Through visual inspection of various outputs, we identified that the best results were achieved with int8 weight-only quantization, int8 dynamic quantization, fp8 (currently supported only on Hopper architecture), and autoquant. While the outputs sometimes differed visually from their standard fp16/bf16 counterparts, they maintained the expected quality. Additionally, we observed that int4 dynamic quantization generally produced satisfactory results in most cases, but showed greater deviation in structure, color, composition and motion.

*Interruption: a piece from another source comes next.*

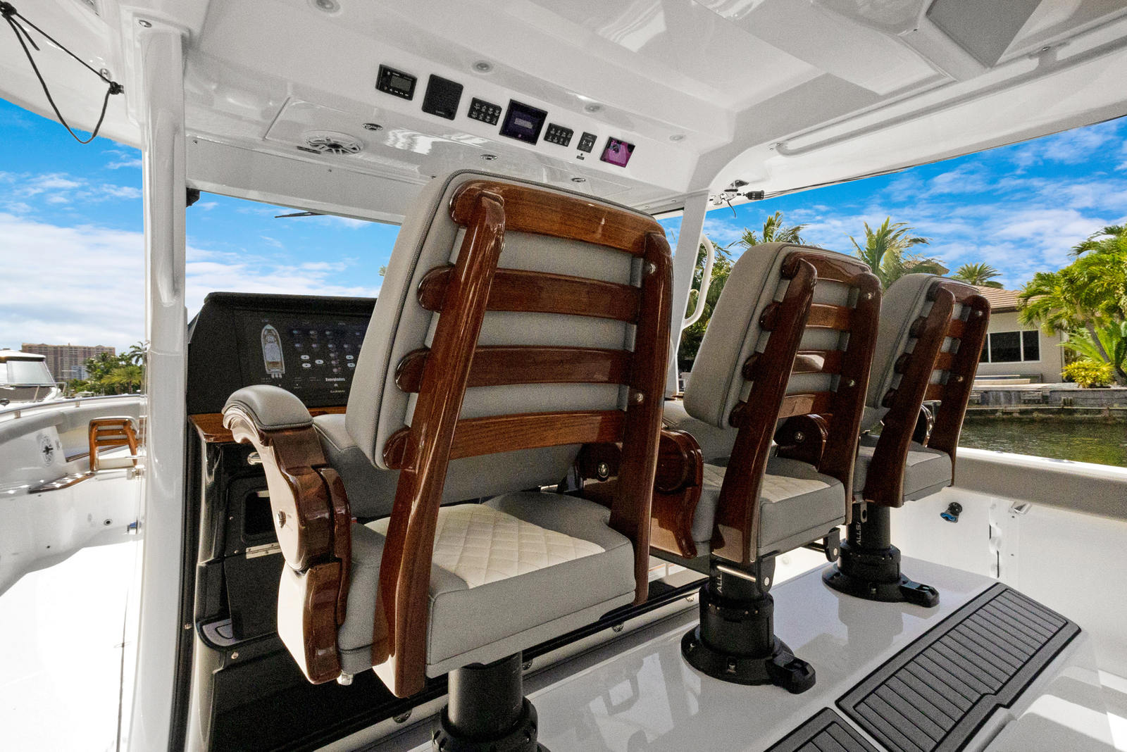 Practicality is at the core of the Everglades 455 CC’s design. The center console layout provides excellent visibility and control, making docking and maneuvering in tight spaces a breeze. Thoughtful storage solutions keep your gear organized and easily accessible, while the spacious deck allows for effortless movement during fishing trips or social gatherings. The triple-engine setup not only delivers outstanding performance but also offers redundancy and peace of mind for longer journeys.Fuel efficiency is enhanced by the advanced hull design, allowing you to spend more time on the water and less time at the fuel dock. The durable construction and high-quality materials ensure that this Everglades boat for sale will stand up to the rigors of frequent use, providing years of reliable service and enjoyment.

With the newly added fp8dqrow scheme, the inference latency is 76.70 seconds for CogVideoX-5b (batch size: 1 , steps: 50, frames: 49, resolution: 720x480) on an H100. fp8dqrow has more scales per tensors and less quantization error. The quality, from visual inspection, is very close to fp16/bf16 and better than int8 in many cases.

TorchAO also supports arbitary exponent and mantissa bits for floating point types, which provides experimental freedom to find the best settings for your models. Here, we also share results with fp6_e3m2, fp5_e2m2 and fp4_e2m1. We find that fp6 and fp5 quantizations can preserve good generation quality and match the expectation from fp16 precision most of the time. To achieve a balance between speed and quality, the recommended quantization dtypes for lower VRAM GPUs are int8dq, fp8dqrow, fp6_e3m2 and autoquant which, when compiled, are faster or close in performance to their bf16 counterparts.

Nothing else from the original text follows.